▶ **TASK GOAL**: Once the line holding "Personalized Sea Glass" is found in the entries below, transcribe exactly every line up to and including the one holding "This paper investigates", but leave out the pictures.

▶ **EXTRACTED RECORDS**:
*** Block opens ***

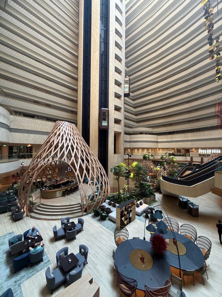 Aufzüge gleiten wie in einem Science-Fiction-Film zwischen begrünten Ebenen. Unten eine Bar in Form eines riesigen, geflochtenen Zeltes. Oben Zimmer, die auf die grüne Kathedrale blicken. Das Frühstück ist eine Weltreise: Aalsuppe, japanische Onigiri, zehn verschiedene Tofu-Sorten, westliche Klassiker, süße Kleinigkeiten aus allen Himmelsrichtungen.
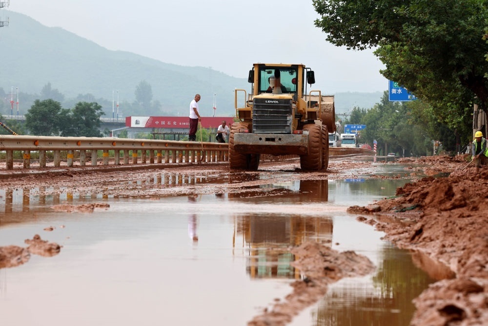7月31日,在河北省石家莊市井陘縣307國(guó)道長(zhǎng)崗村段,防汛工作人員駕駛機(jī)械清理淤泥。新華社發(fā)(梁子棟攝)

*** Block closes ***
*** Block opens ***

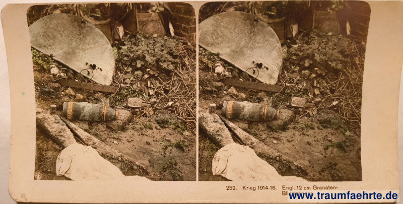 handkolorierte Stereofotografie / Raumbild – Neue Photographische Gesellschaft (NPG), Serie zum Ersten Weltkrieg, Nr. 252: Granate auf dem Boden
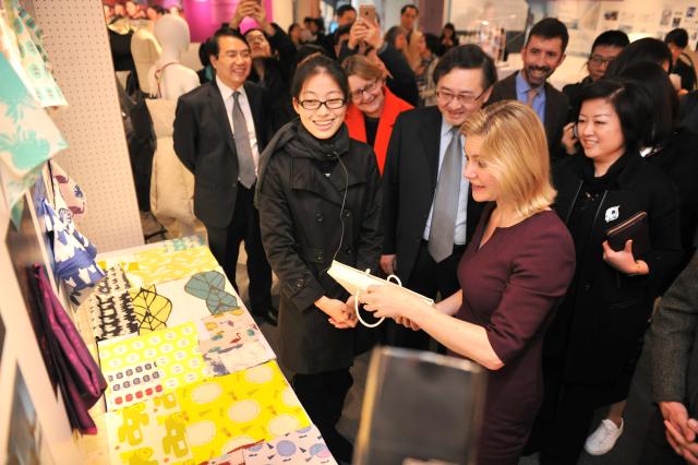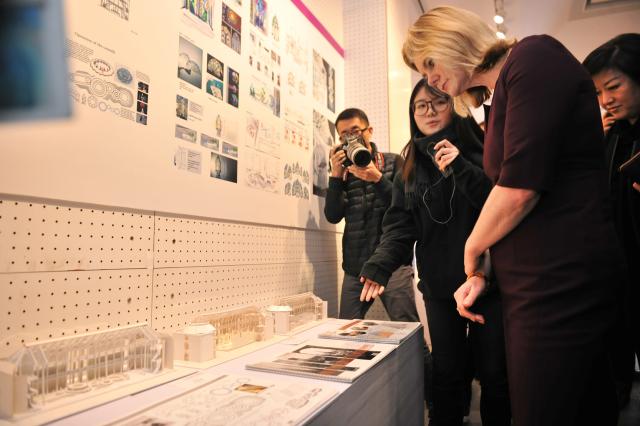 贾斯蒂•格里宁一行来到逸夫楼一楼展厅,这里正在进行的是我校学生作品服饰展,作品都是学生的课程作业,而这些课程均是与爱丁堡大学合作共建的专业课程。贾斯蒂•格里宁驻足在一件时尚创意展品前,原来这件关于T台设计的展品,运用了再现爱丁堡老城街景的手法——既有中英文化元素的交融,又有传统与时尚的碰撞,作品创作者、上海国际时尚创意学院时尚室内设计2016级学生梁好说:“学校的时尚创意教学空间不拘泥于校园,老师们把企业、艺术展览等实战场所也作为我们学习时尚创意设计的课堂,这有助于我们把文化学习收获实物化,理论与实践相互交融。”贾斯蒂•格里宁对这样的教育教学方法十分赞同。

*** Block closes ***
*** Block opens ***

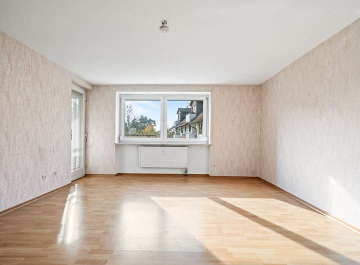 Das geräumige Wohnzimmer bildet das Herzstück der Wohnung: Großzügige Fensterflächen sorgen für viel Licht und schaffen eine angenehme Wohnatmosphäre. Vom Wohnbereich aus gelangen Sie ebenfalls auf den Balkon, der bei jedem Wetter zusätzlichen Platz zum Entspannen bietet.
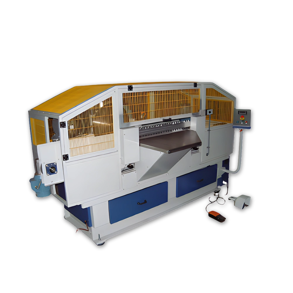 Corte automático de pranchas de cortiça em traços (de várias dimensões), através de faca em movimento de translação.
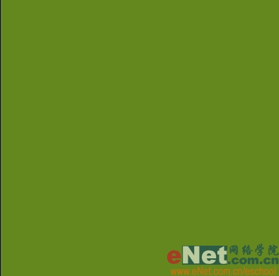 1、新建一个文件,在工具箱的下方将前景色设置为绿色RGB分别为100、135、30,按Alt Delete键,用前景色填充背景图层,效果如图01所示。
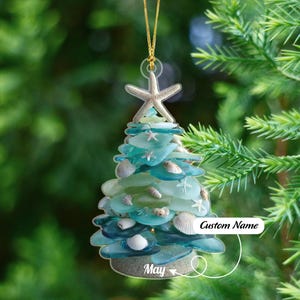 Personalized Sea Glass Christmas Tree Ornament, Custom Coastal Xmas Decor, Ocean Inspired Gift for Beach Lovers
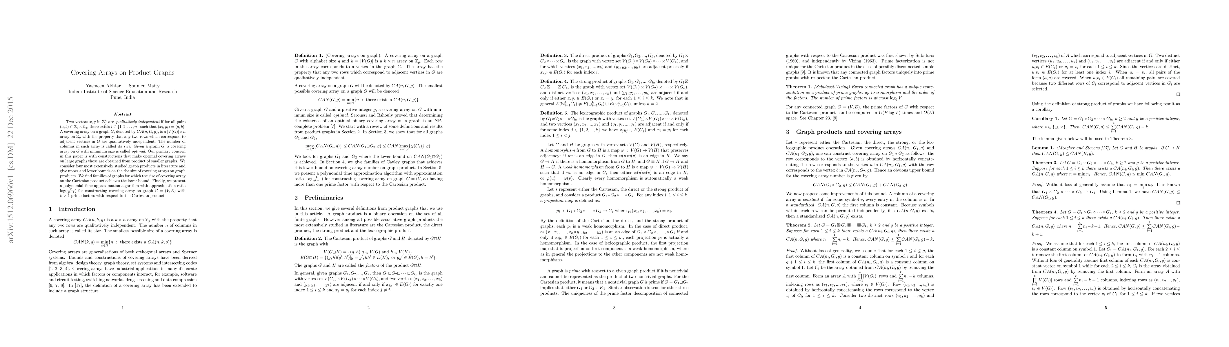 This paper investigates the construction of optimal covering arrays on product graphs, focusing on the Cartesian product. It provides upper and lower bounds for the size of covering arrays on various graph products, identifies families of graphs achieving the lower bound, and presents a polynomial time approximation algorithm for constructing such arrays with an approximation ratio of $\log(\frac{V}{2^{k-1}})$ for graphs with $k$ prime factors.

*** Block closes ***

▶ **YOUR SOLUTION**:
 Personalized Sea Glass Christmas Tree Ornament, Custom Coastal Xmas Decor, Ocean Inspired Gift for Beach Lovers
 This paper investigates the construction of optimal covering arrays on product graphs, focusing on the Cartesian product. It provides upper and lower bounds for the size of covering arrays on various graph products, identifies families of graphs achieving the lower bound, and presents a polynomial time approximation algorithm for constructing such arrays with an approximation ratio of $\log(\frac{V}{2^{k-1}})$ for graphs with $k$ prime factors.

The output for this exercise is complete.